(Beginning of DATA IN THIS EXERCISE)

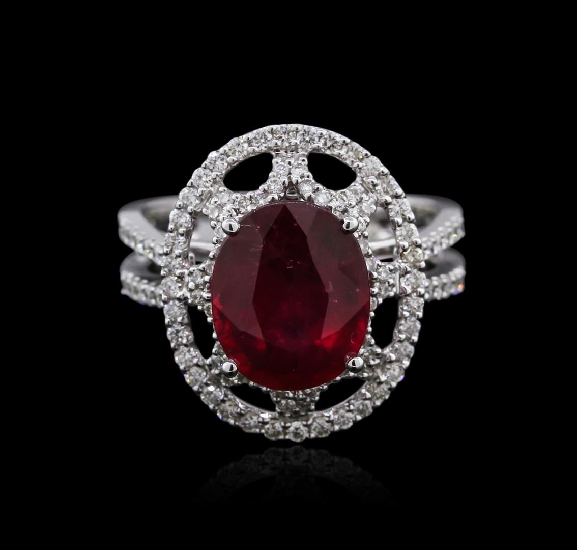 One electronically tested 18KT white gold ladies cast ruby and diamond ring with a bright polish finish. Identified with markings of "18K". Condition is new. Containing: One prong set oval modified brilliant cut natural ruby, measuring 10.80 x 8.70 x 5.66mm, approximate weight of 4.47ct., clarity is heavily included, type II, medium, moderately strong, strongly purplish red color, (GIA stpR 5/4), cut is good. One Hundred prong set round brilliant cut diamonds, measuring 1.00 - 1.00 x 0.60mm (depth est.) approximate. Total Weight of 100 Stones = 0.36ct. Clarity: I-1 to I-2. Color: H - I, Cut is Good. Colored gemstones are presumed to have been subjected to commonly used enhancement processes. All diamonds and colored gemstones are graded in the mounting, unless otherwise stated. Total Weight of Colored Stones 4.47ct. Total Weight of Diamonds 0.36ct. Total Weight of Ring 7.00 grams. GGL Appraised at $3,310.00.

(End of DATA IN THIS EXERCISE)
(Beginning of DATA IN THIS EXERCISE)

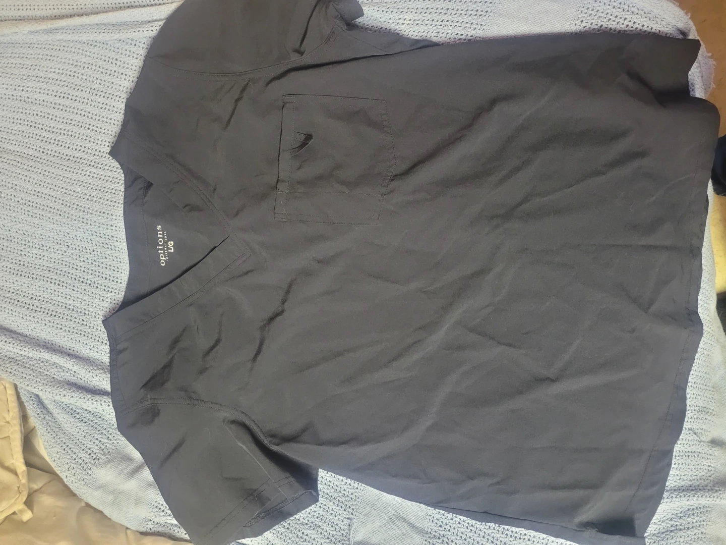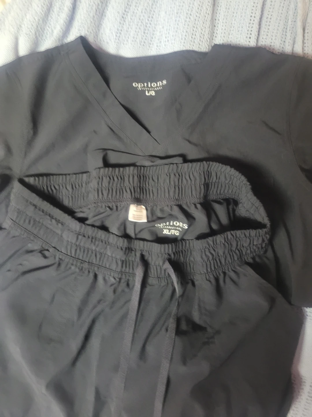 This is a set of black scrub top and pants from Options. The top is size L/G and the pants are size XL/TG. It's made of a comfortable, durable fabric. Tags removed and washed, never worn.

(End of DATA IN THIS EXERCISE)
(Beginning of DATA IN THIS EXERCISE)

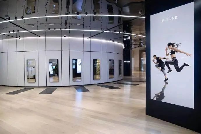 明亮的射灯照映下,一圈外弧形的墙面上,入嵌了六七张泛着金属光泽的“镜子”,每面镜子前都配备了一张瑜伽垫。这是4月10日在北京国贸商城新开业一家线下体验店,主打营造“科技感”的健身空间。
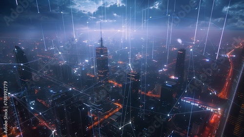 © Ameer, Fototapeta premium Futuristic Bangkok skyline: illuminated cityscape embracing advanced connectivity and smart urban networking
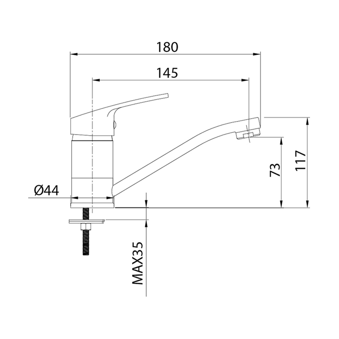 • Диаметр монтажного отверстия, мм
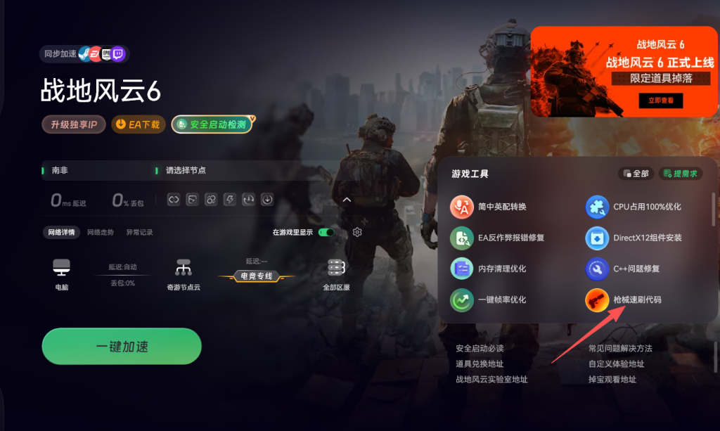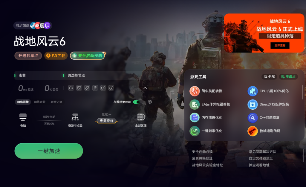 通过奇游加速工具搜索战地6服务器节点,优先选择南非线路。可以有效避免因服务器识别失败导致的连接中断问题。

(End of DATA IN THIS EXERCISE)

▶ WHAT IS NEEDED
Quote the data above exactly from the line with "монтажного отверстия, мм" to the line with "通过奇游加速工具搜索战地6服", both ends counted, and nothing else. Pictures don't go in.

▶ SOLUTION FOR THIS EXERCISE
 • Диаметр монтажного отверстия, мм
 通过奇游加速工具搜索战地6服务器节点,优先选择南非线路。可以有效避免因服务器识别失败导致的连接中断问题。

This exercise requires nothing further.